Only a small number of vast natural landscapes remain on Earth – wild regions where ecological processes function normally and movements of wildlife remain largely unfettered by the fragmentation of habitats. These few places include the Amazon basin, the boreal forests of Canada, tundra of Siberia, the Sahara Desert, and the Australian Outback.
It has become increasingly apparent to modern science what Indigenous people have understood for centuries: that even in these large, natural ecosystems, the fate and condition of nature lies in the hands of the people who live on, know, respect and manage that land.
After five years of peer-reviewed studies about the issues and challenges and opportunities facing the 70% of the Australian continent the outback covers, it’s clear that there is a seemingly counter-intuitive relationship here: not only do people need nature, but nature also needs people.

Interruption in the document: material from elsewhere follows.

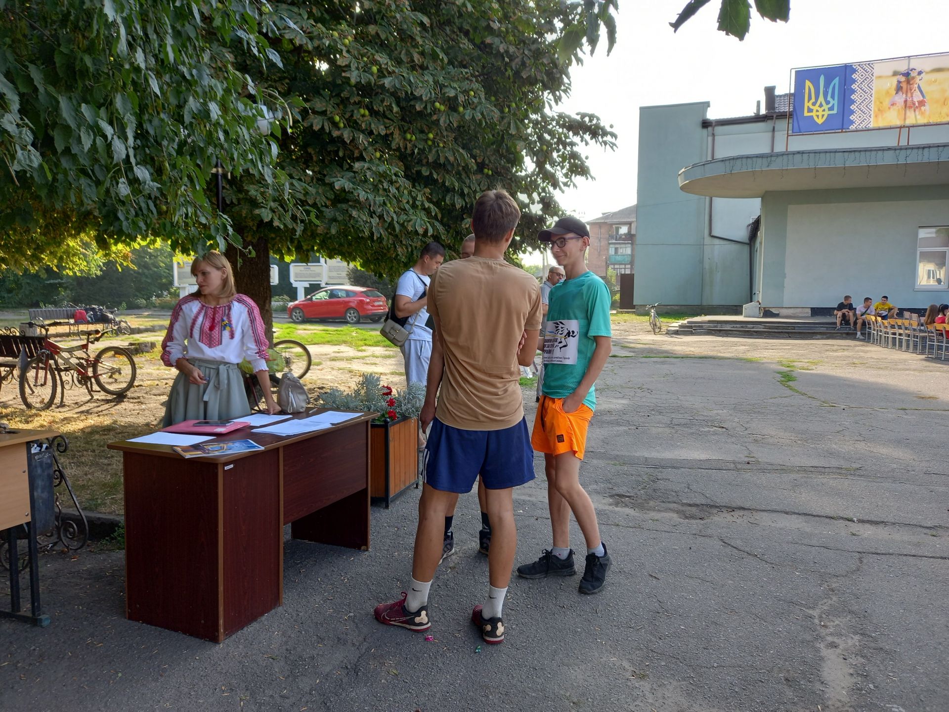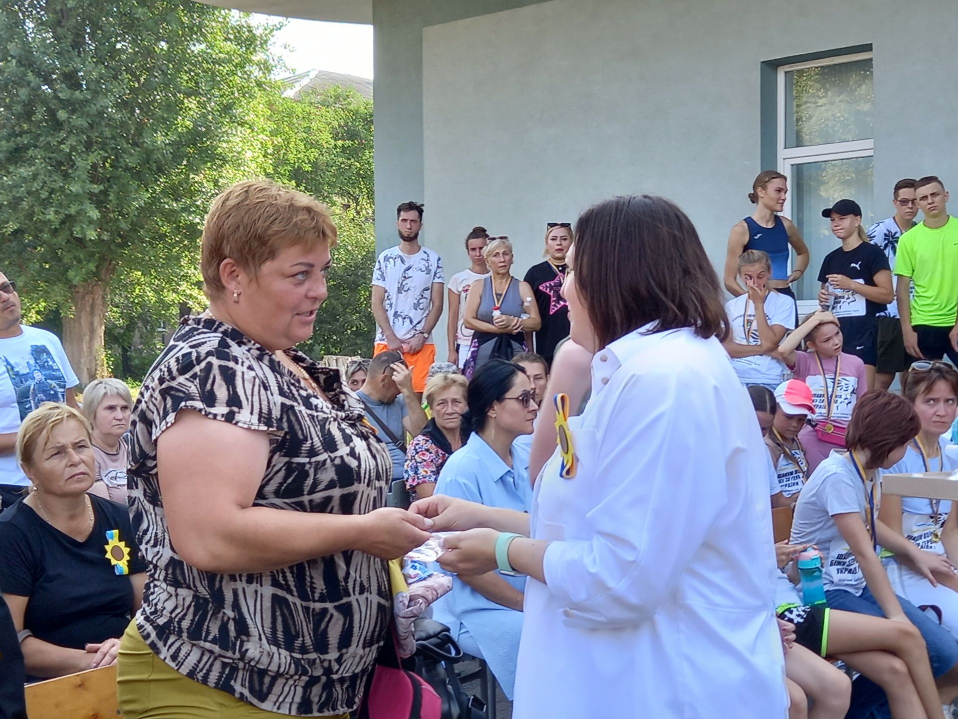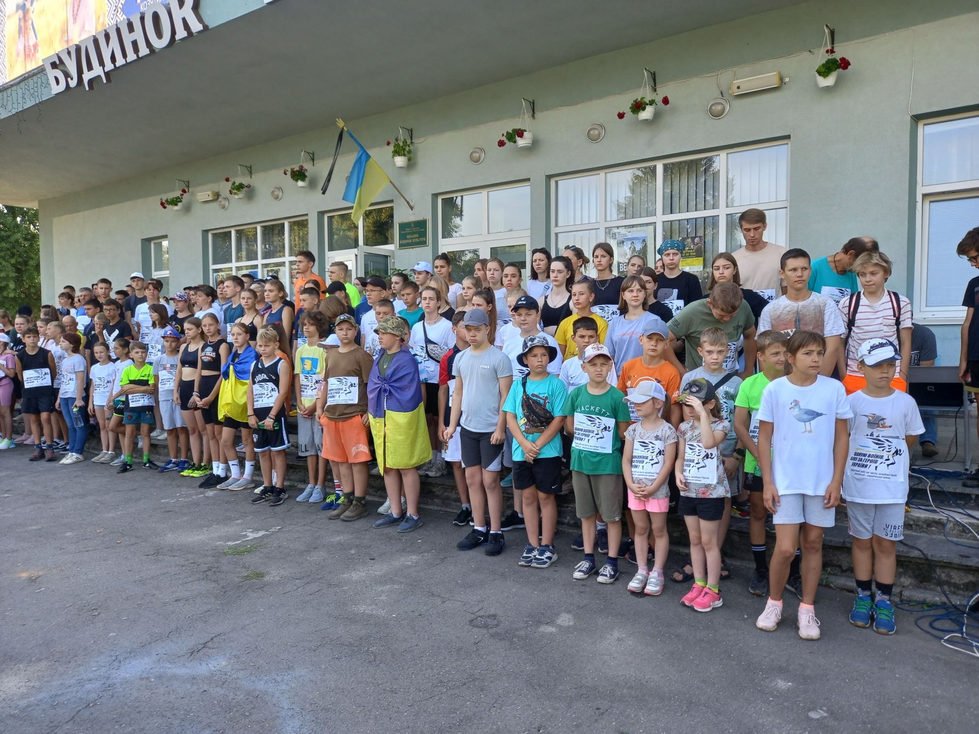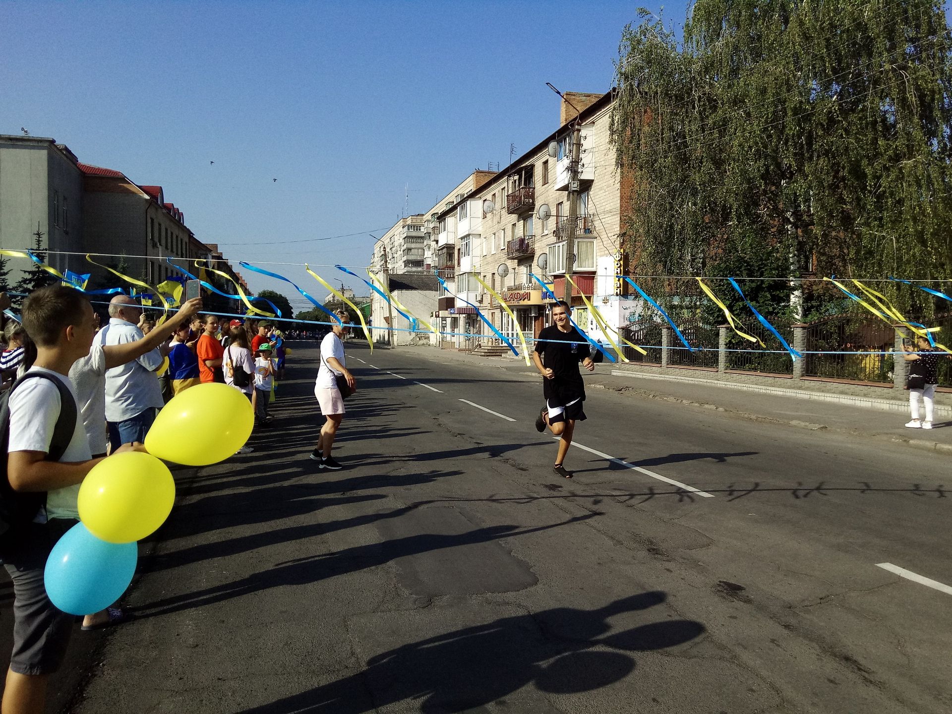 Учасників забігу запросили на лінію старту, яку прикрасили жовто-блакитними стрічками. За сигналом свистка усі дружно почали бігти.

The outback has been the home of Indigenous Australians for about 50,000 years. Over this period, traditional owners have tended, shaped and nurtured the landscape. Reciprocally, the landscape has helped to forge Indigenous identity and culture.
In Pew Charitable Trust’s latest study – My Country, Our Outback: Voices from the Land on Hope and Change in Australia’s Heartland – 12 personal stories are included to explore that relationship, its modern manifestations, and to recognise that there are new elements in this landscape, and new people and enterprises are now responsible for caring for this magical country.
There are especially mysterious and spectacular places in the outback – Kakadu, Uluru, the Kimberley – icons that draw visitors from the nation and beyond. These are parts of a whole, places embedded within a vast natural landscape and dependent upon the greater area for their ecological health.
Importantly, the outback is now a modern landscape. Many graziers and Indigenous rangers use helicopters to traverse their country. They use laptops and satellites to check for fires and the state of water tanks in distant paddocks. Some outback stations now engage in carbon farming and tourism businesses as well as grazing cattle and sheep.
Today, however, the long-term health of the outback is under threat. Across vast areas, there are fewer land managers now than at any time in the past 50,000 years. This is causing problems – such as the uncontrolled spread of feral animals, noxious weeds and wildfires – that, unless addressed, will result in a continued decline in the health of the heart of Australia.
With little understanding of the potential consequences to nature or future inhabitants, successive generations of settlers introduced a cavalcade of non-Australian plants and animals to the outback. Many of these species, such as foxes and cane toads, have spread across vast areas and taken a substantial toll on native species. That toll will continue to rise unless these feral animals and weeds are controlled, which cannot happen without people.